> _EXERCISE REQUIREMENTS_
Please give every record below again exactly, and keep the pictures out.

(Records from a dataset)
-.-.-

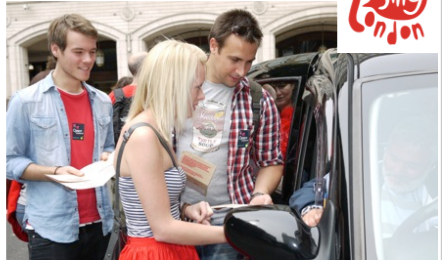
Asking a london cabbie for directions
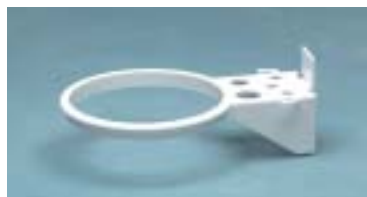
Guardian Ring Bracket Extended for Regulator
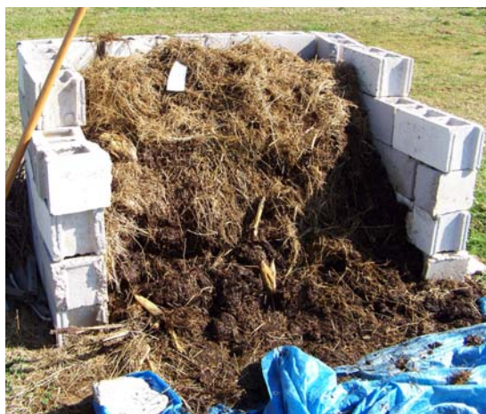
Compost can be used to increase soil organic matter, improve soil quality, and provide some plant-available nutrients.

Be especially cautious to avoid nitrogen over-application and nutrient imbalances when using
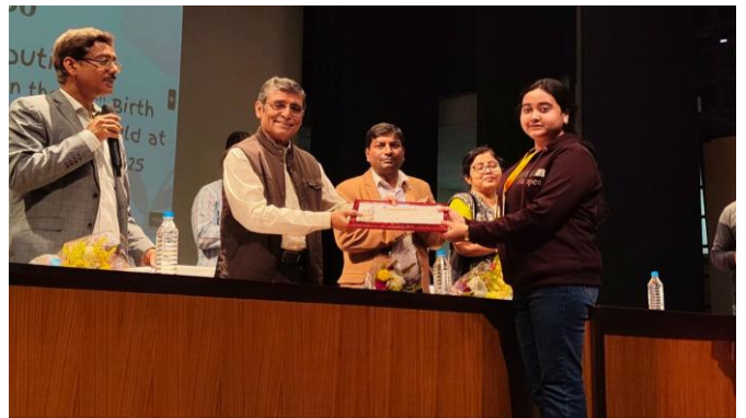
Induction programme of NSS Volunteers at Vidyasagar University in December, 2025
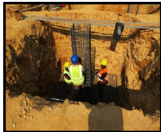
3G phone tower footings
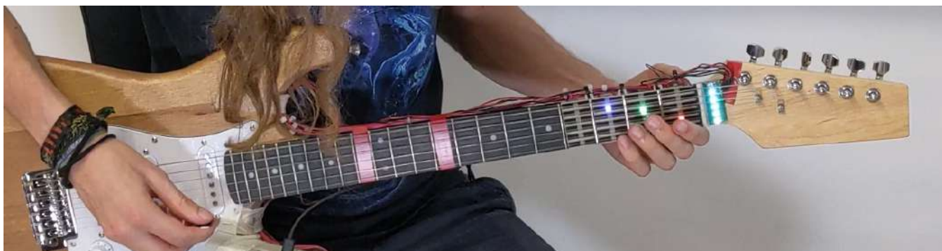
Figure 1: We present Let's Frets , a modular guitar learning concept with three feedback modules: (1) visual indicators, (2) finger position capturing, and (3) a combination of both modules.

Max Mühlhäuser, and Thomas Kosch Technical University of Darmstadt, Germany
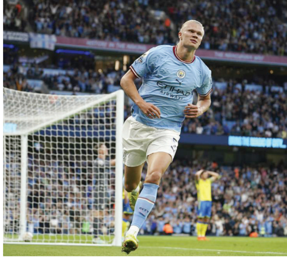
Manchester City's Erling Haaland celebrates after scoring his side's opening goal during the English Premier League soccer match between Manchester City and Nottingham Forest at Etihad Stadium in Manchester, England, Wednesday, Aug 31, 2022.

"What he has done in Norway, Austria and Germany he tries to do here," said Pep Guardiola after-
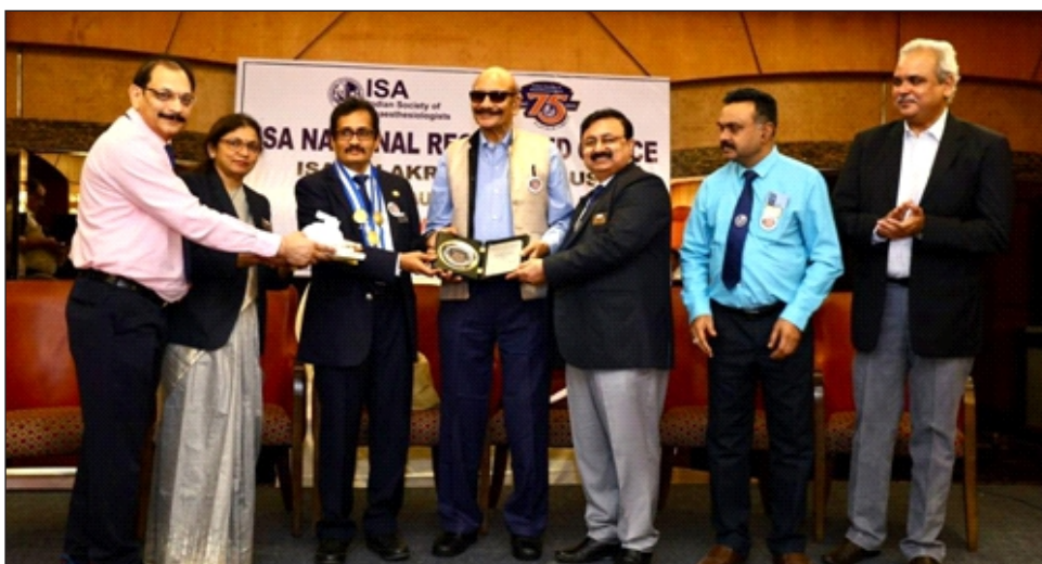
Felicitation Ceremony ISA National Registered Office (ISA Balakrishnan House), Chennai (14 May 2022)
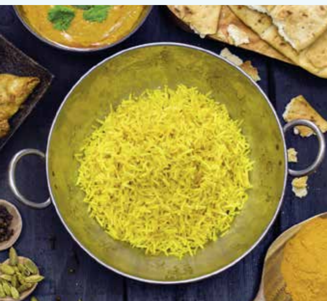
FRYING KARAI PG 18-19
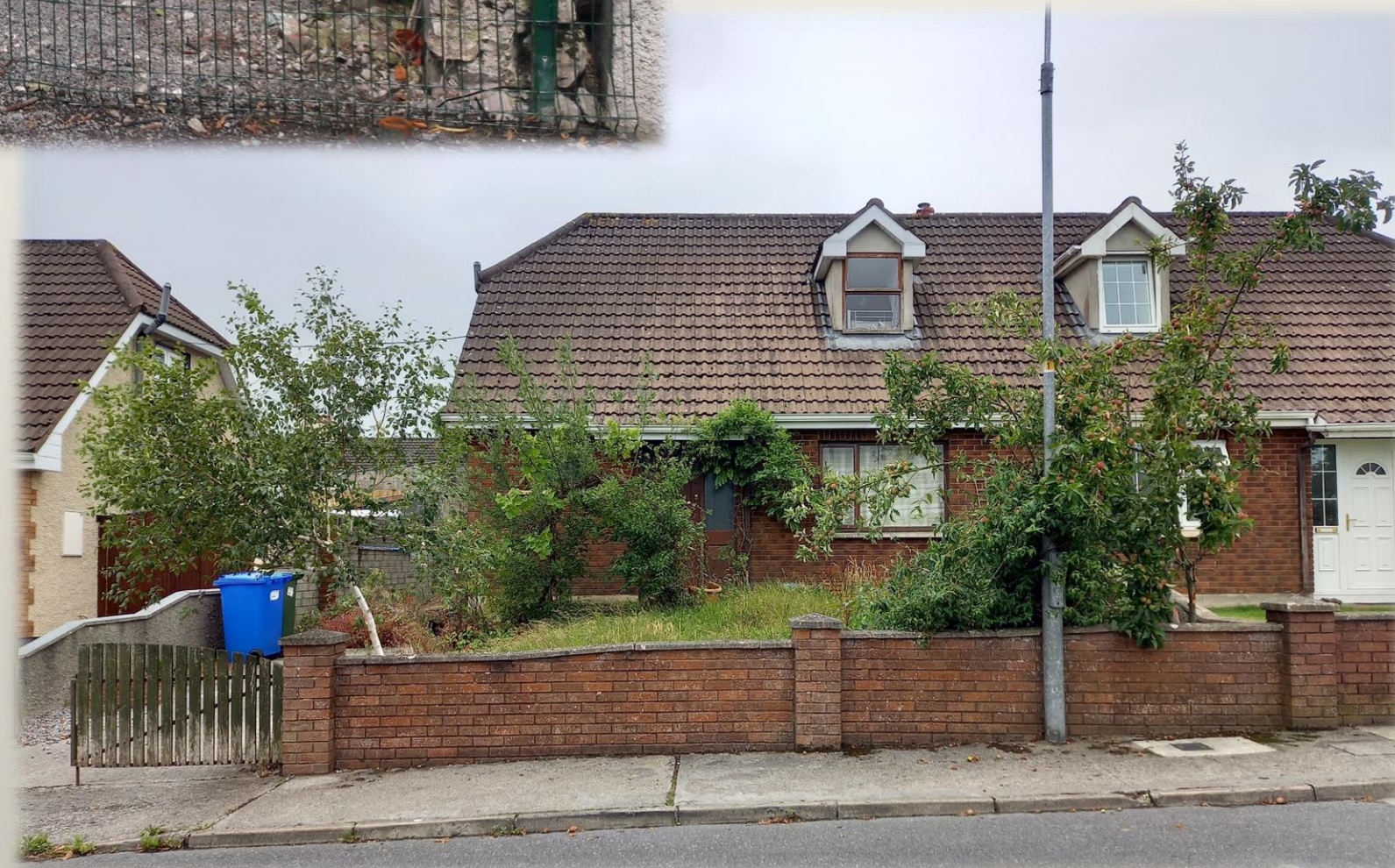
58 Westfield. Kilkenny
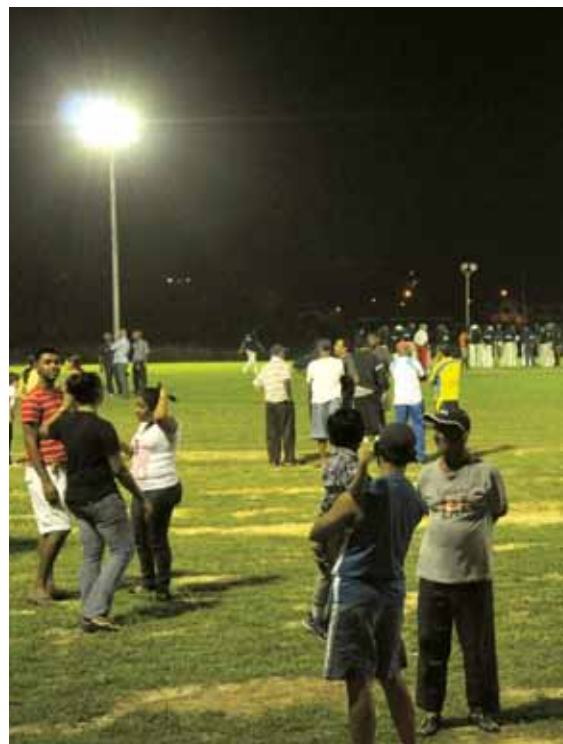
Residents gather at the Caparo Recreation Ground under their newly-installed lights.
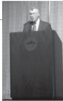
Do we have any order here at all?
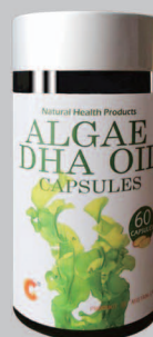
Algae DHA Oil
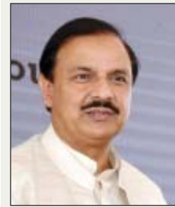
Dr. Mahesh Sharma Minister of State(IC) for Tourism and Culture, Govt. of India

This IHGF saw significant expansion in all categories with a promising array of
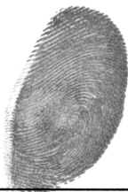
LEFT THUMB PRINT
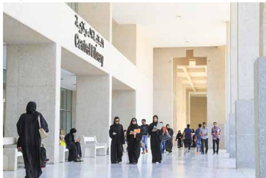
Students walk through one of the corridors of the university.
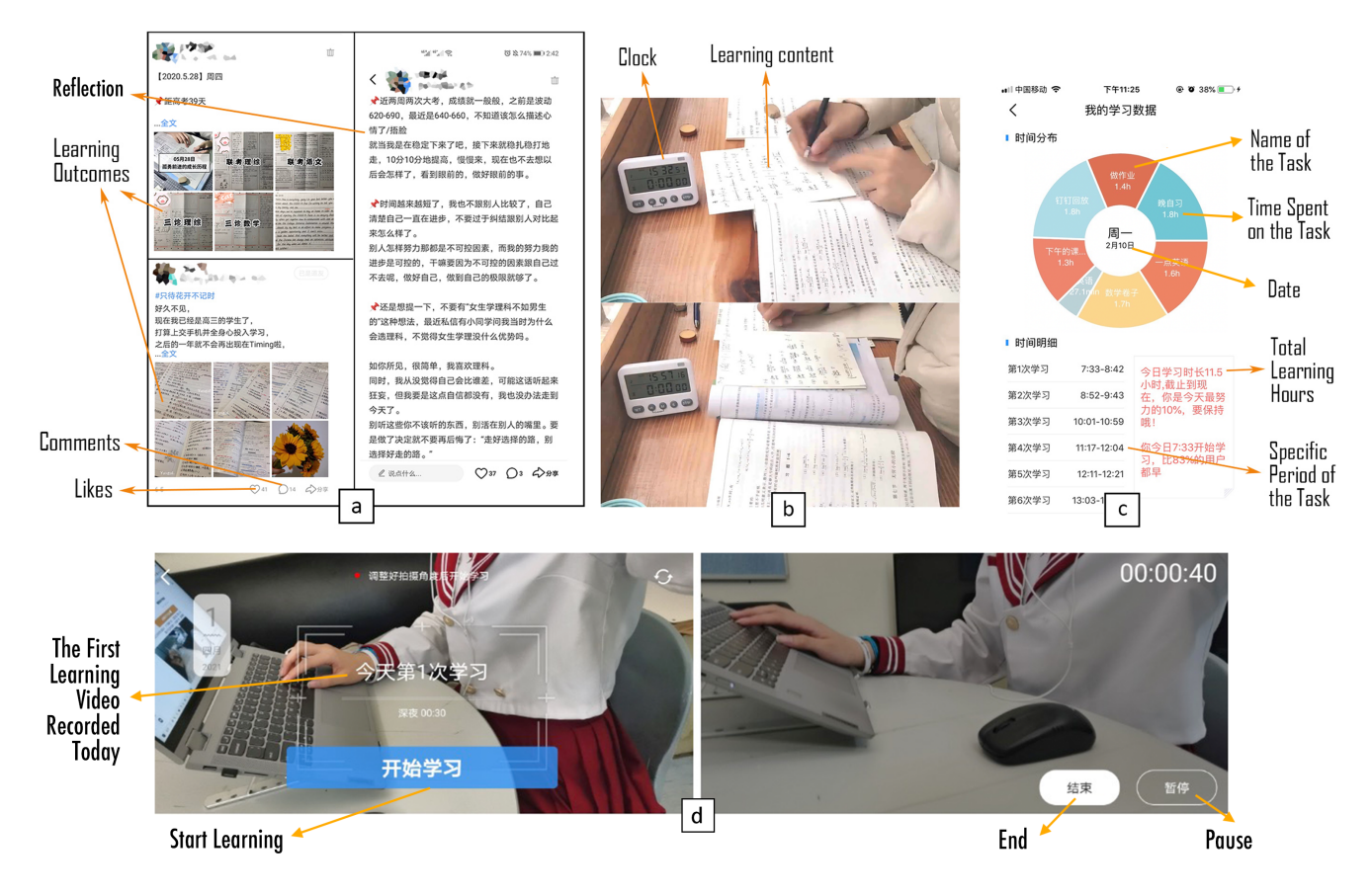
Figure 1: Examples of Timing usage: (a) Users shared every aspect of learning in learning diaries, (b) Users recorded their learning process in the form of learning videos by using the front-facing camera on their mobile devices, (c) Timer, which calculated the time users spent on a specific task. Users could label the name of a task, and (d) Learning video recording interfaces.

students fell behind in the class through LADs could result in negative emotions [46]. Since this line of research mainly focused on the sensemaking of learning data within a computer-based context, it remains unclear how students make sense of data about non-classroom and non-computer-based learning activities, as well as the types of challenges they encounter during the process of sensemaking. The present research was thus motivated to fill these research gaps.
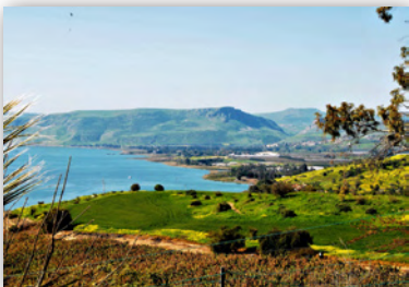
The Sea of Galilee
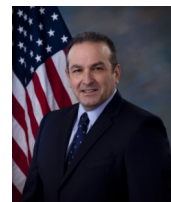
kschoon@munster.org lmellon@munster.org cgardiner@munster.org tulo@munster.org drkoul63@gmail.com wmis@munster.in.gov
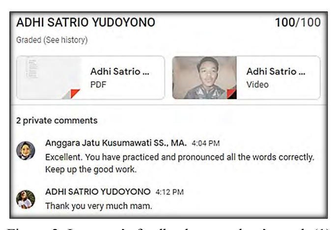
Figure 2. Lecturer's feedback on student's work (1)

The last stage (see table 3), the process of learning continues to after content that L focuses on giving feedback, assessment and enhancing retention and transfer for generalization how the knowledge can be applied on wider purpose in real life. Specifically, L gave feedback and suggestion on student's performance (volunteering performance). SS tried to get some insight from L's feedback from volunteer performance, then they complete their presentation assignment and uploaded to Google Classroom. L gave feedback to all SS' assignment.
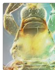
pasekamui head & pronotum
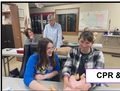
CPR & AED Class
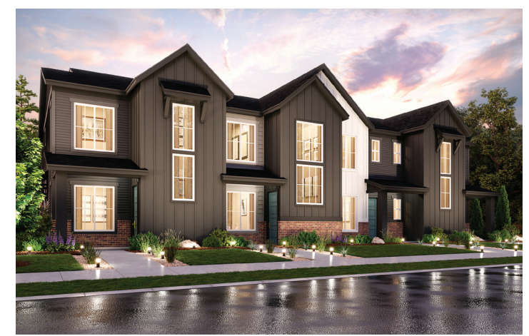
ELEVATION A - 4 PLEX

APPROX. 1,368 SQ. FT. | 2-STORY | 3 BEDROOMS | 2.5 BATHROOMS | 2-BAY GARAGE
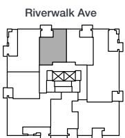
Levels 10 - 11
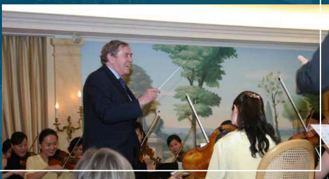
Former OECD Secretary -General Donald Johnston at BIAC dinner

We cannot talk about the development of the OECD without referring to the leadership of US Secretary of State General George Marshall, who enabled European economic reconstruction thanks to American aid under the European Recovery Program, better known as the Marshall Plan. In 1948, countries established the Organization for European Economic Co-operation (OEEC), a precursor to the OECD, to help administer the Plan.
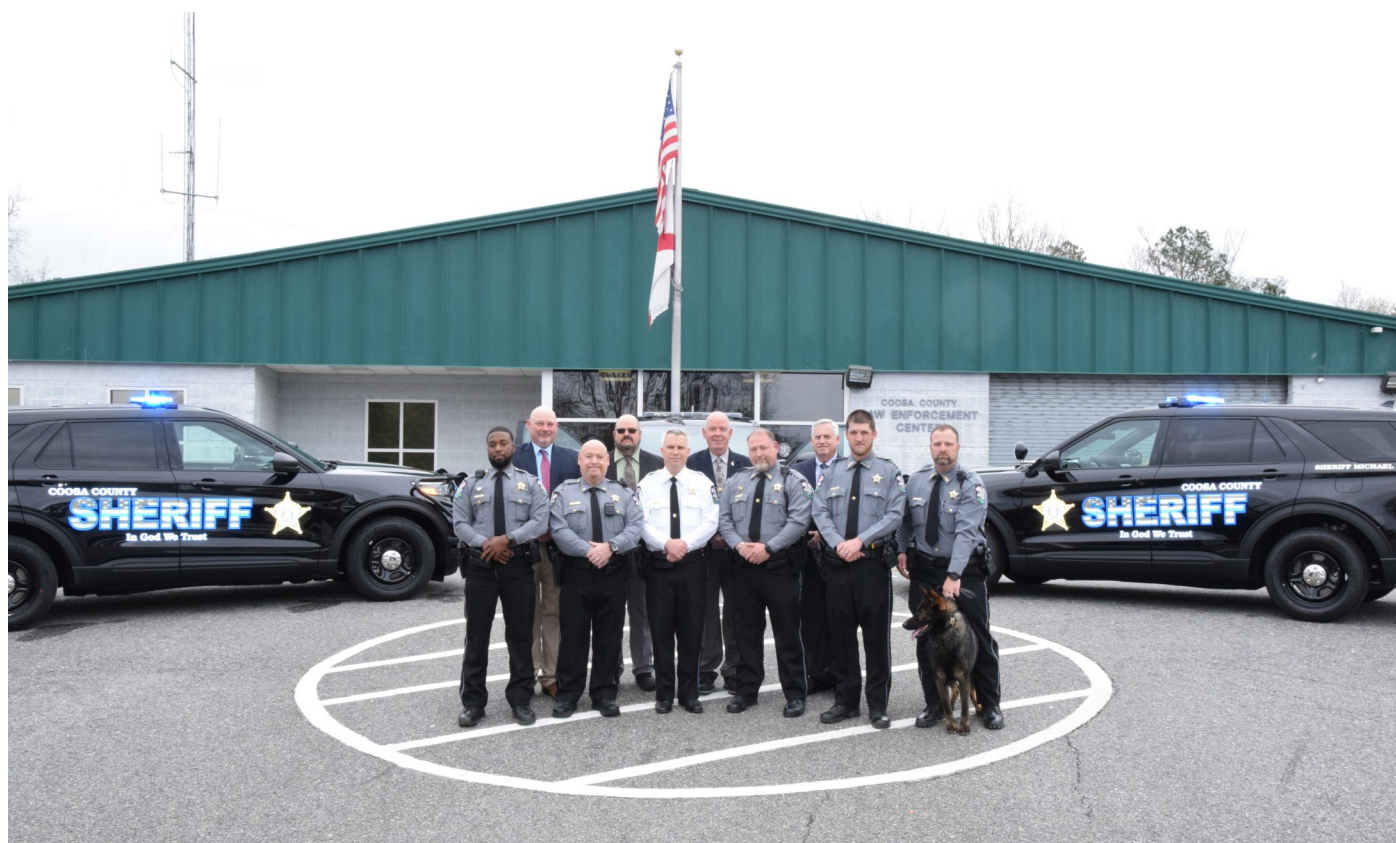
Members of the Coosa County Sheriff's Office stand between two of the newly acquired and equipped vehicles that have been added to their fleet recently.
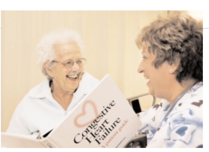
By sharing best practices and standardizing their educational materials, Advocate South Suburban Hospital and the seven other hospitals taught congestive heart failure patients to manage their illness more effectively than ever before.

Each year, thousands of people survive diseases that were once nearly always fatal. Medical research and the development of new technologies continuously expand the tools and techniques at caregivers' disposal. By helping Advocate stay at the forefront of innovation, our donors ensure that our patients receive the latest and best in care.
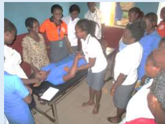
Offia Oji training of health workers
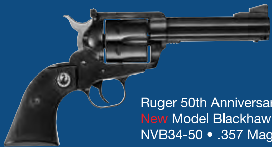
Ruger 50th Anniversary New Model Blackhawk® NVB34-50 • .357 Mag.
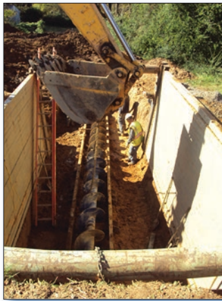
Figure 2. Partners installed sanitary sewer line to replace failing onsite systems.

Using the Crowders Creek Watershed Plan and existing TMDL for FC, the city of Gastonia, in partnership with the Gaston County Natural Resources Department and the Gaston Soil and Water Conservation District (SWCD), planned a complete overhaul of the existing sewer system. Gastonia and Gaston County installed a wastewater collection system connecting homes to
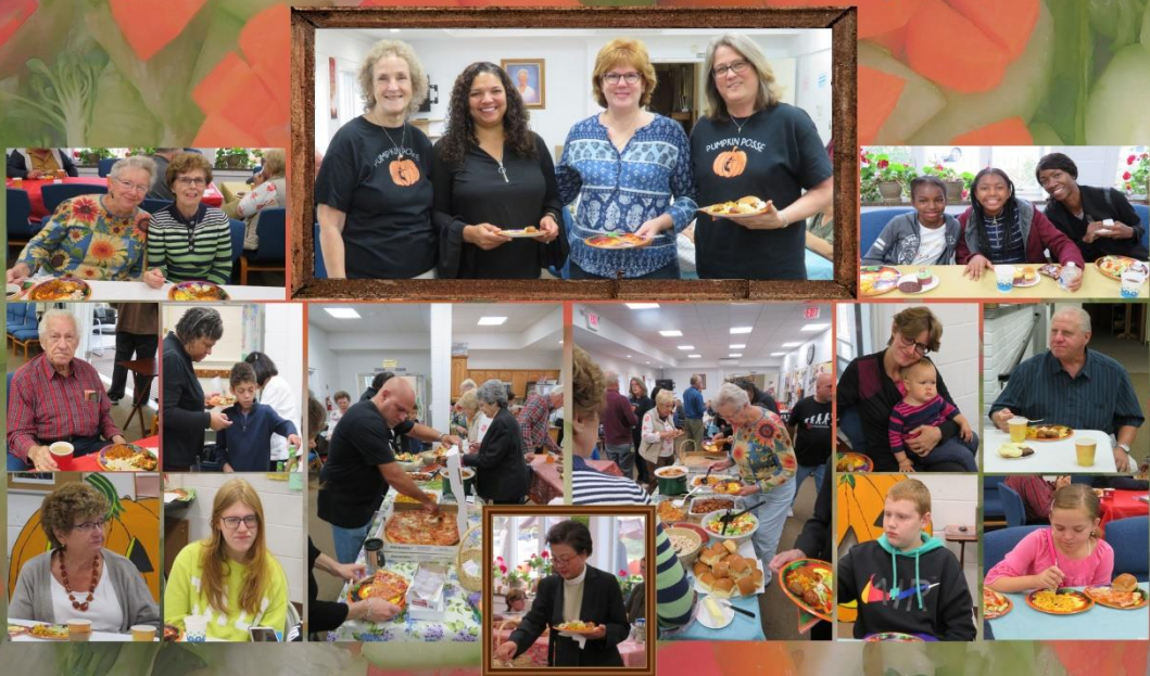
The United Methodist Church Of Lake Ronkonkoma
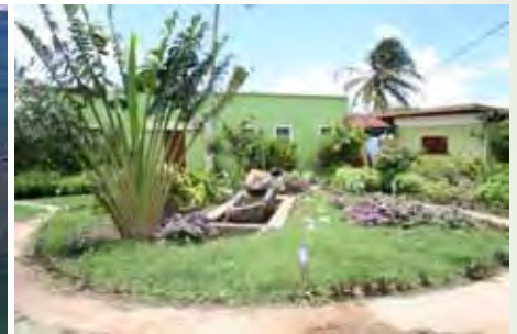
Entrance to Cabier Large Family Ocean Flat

-.-.-

> _REPLY_
Asking a london cabbie for directions
Guardian Ring Bracket Extended for Regulator
Compost can be used to increase soil organic matter, improve soil quality, and provide some plant-available nutrients.

Be especially cautious to avoid nitrogen over-application and nutrient imbalances when using
Induction programme of NSS Volunteers at Vidyasagar University in December, 2025
3G phone tower footings
Figure 1: We present Let's Frets , a modular guitar learning concept with three feedback modules: (1) visual indicators, (2) finger position capturing, and (3) a combination of both modules.

Max Mühlhäuser, and Thomas Kosch Technical University of Darmstadt, Germany
Manchester City's Erling Haaland celebrates after scoring his side's opening goal during the English Premier League soccer match between Manchester City and Nottingham Forest at Etihad Stadium in Manchester, England, Wednesday, Aug 31, 2022.

"What he has done in Norway, Austria and Germany he tries to do here," said Pep Guardiola after-
Felicitation Ceremony ISA National Registered Office (ISA Balakrishnan House), Chennai (14 May 2022)
FRYING KARAI PG 18-19
58 Westfield. Kilkenny
Residents gather at the Caparo Recreation Ground under their newly-installed lights.
Do we have any order here at all?
Algae DHA Oil
Dr. Mahesh Sharma Minister of State(IC) for Tourism and Culture, Govt. of India

This IHGF saw significant expansion in all categories with a promising array of
LEFT THUMB PRINT
Students walk through one of the corridors of the university.
Figure 1: Examples of Timing usage: (a) Users shared every aspect of learning in learning diaries, (b) Users recorded their learning process in the form of learning videos by using the front-facing camera on their mobile devices, (c) Timer, which calculated the time users spent on a specific task. Users could label the name of a task, and (d) Learning video recording interfaces.

students fell behind in the class through LADs could result in negative emotions [46]. Since this line of research mainly focused on the sensemaking of learning data within a computer-based context, it remains unclear how students make sense of data about non-classroom and non-computer-based learning activities, as well as the types of challenges they encounter during the process of sensemaking. The present research was thus motivated to fill these research gaps.
The Sea of Galilee
kschoon@munster.org lmellon@munster.org cgardiner@munster.org tulo@munster.org drkoul63@gmail.com wmis@munster.in.gov
Figure 2. Lecturer's feedback on student's work (1)

The last stage (see table 3), the process of learning continues to after content that L focuses on giving feedback, assessment and enhancing retention and transfer for generalization how the knowledge can be applied on wider purpose in real life. Specifically, L gave feedback and suggestion on student's performance (volunteering performance). SS tried to get some insight from L's feedback from volunteer performance, then they complete their presentation assignment and uploaded to Google Classroom. L gave feedback to all SS' assignment.
pasekamui head & pronotum
CPR & AED Class
ELEVATION A - 4 PLEX

APPROX. 1,368 SQ. FT. | 2-STORY | 3 BEDROOMS | 2.5 BATHROOMS | 2-BAY GARAGE
Levels 10 - 11
Former OECD Secretary -General Donald Johnston at BIAC dinner

We cannot talk about the development of the OECD without referring to the leadership of US Secretary of State General George Marshall, who enabled European economic reconstruction thanks to American aid under the European Recovery Program, better known as the Marshall Plan. In 1948, countries established the Organization for European Economic Co-operation (OEEC), a precursor to the OECD, to help administer the Plan.
Members of the Coosa County Sheriff's Office stand between two of the newly acquired and equipped vehicles that have been added to their fleet recently.
By sharing best practices and standardizing their educational materials, Advocate South Suburban Hospital and the seven other hospitals taught congestive heart failure patients to manage their illness more effectively than ever before.

Each year, thousands of people survive diseases that were once nearly always fatal. Medical research and the development of new technologies continuously expand the tools and techniques at caregivers' disposal. By helping Advocate stay at the forefront of innovation, our donors ensure that our patients receive the latest and best in care.
Offia Oji training of health workers
Ruger 50th Anniversary New Model Blackhawk® NVB34-50 • .357 Mag.
Figure 2. Partners installed sanitary sewer line to replace failing onsite systems.

Using the Crowders Creek Watershed Plan and existing TMDL for FC, the city of Gastonia, in partnership with the Gaston County Natural Resources Department and the Gaston Soil and Water Conservation District (SWCD), planned a complete overhaul of the existing sewer system. Gastonia and Gaston County installed a wastewater collection system connecting homes to
The United Methodist Church Of Lake Ronkonkoma
Entrance to Cabier Large Family Ocean Flat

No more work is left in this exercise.